- 40% of Canadians believe the science behind climate change is still unclear or unsettled
- 19% of Canadians believe there is a potential link between vaccination and autism
- 19% of Canadians rely on intuition rather than science to form their opinion on genetically modified organisms (GMOs)
TORONTO, Sept. 19, 2016 /CNW/ - Timed to coincide with Science Literacy Week 2016, a new survey from the Ontario Science Centre shows that although most Canadians are confident in their grasp of key scientific issues, there are significant gaps in their actual understanding of the science behind them. The survey, conducted by Leger, asked Canadians about their scientific knowledge of climate change, vaccinations and genetically modified organisms (GMOs). The results show that being familiar with the science behind an issue does not necessarily equate to understanding.

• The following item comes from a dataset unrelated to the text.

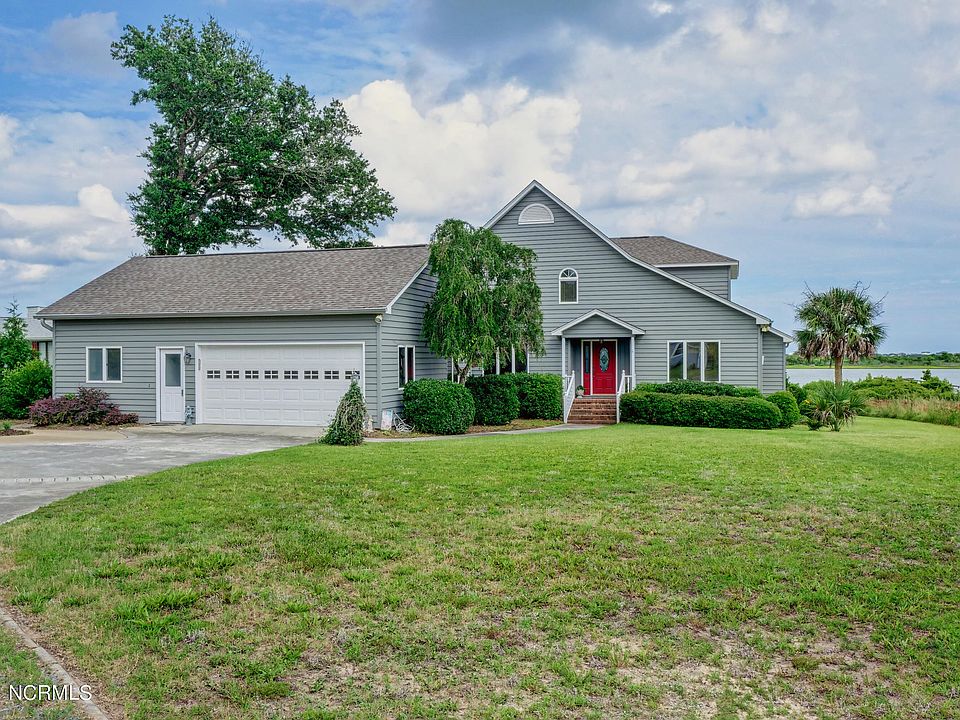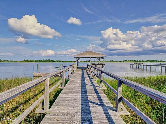 Magnificent Intracoastal Waterfront property with private pier, gazebo, floating dock and davit lift! Arguably the best kept secret in Hampstead, Red Fox Trail boasts estate sized lots and high ground offering spectacular panoramic views of the ICW and sound. Tucked away on a lovely landscaped acre, this 1-owner home offers a traditional flow with modern elements: a 2-story great room with soaring ceilings, palladium windows, balcony overlook and gas logs fireplace with raised hearth & granite surround; an expansive downstairs waterfront master suite with private bath and adjoining home office; a large gathering-place kitchen ideally suited to entertaining on any scale. It is open to a sunny breakfast room with window seat which flows to the waterfront morning room, and adjacent sunroom. Upstairs are 2 additional bedrooms, loft, large bath, and a ton of floored storage. Sought-after traditional elements include a formal dining room huge mudroom/laundry with full bath, utility sink, pantry, and pedestrian door to the side yard and breezy side deck shaded by mature trees. Other interior features include a wet bar in the kitchen, cherry cabinetry with ceramic backsplash and many custom built-ins. But wait! There's more! An oversized 2-car attached garage, 2-car detached garage/workshop, a large ''She Shed'' plus plenty of room for gardens. All the roofs are new, the main HVAC is geothermal & there is a barely used heat pump for upstairs. Opportunity is knocking for the ultimate coastal Carolina lifestyle with your own water access and property with room to grow! Gorgeous sunrises & sunsets, a steady parade of boats, bottlenose dolphins, a variety of waterfowl and more are your daily delights when you make this your new forever home.

"We live in a science-based society. Just about every aspect of our lives is connected to science – our health, economy, the way we work, live and learn – all rely on science," said Dr. Maurice Bitran, CEO and Chief Science Officer, Ontario Science Centre. "This survey indicates that we should not be complacent about the state of science literacy in Canada."

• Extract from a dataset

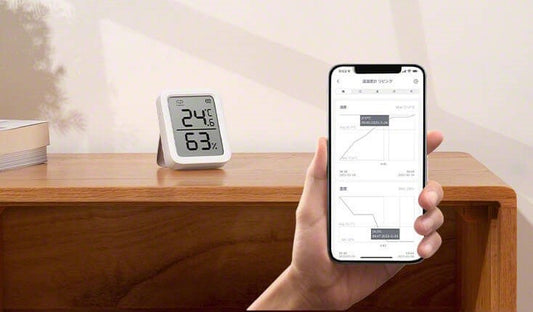 部屋の温度・湿度をリアルタイムにスマホで確認できます。

Climate of confusion: 40% of Canadians believe science is unclear
Climate change is a highly charged topic hotly debated by politicians and industry. But in the scientific community, there is a substantial consensus on the factors that contribute to this global issue. While more than four in five Canadians (85%) claimed to understand the basic science behind climate change, two in five Canadians (40%) said they believe the science is unclear. Further, while nearly three-quarters of respondents (74%) stated that science informs their opinions on the issue, one-third of those same respondents (35%) believe the science is unclear.
"Although there is a near consensus in the scientific community that human activity contributes to climate change, public understanding of the issue and our collective actions to reduce our carbon footprint still fall short," said Bitran.

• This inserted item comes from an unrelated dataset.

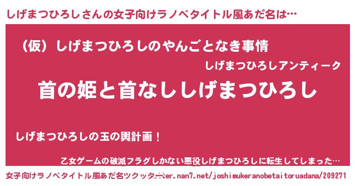 | 男性向けラノベタイトル風あだ名 | 『はたらくしげまつひろしさま!』 |

To engage the public in a dialogue about climate change and its impacts, the Ontario Science Centre will present Wild Weather from October 5, 2016 to January 7, 2017. This new interactive exhibition explores the power and unpredictability of extreme weather, allowing visitors to gain a better understanding of the science behind severe weather and its connection to climate change.
The missing connection: 19% of Canadians tie vaccinations to autism
The survey also found that while nine in 10 Canadians (89%) claim to understand the basic science behind vaccinations, one in five (19%) believe there is a potential link between vaccinations and autism, a connection that has been discredited by the scientific community . While the majority of Canadians (71%) claim to have formed their opinions on vaccinations based on science, one in five of these respondents (18%) believe vaccinations are linked to autism.
Food for thought: 19% of Canadians rely on intuition rather than science to form opinions on genetically modified organisms (GMOs)
Among respondents, one in five Canadians (19%) said they rely on intuition rather than science when it comes to forming opinions about GMOs. Fewer than one in five Canadians (19%) agree that GMOs are good for their health, and nearly three in five Canadians (57%) disagree.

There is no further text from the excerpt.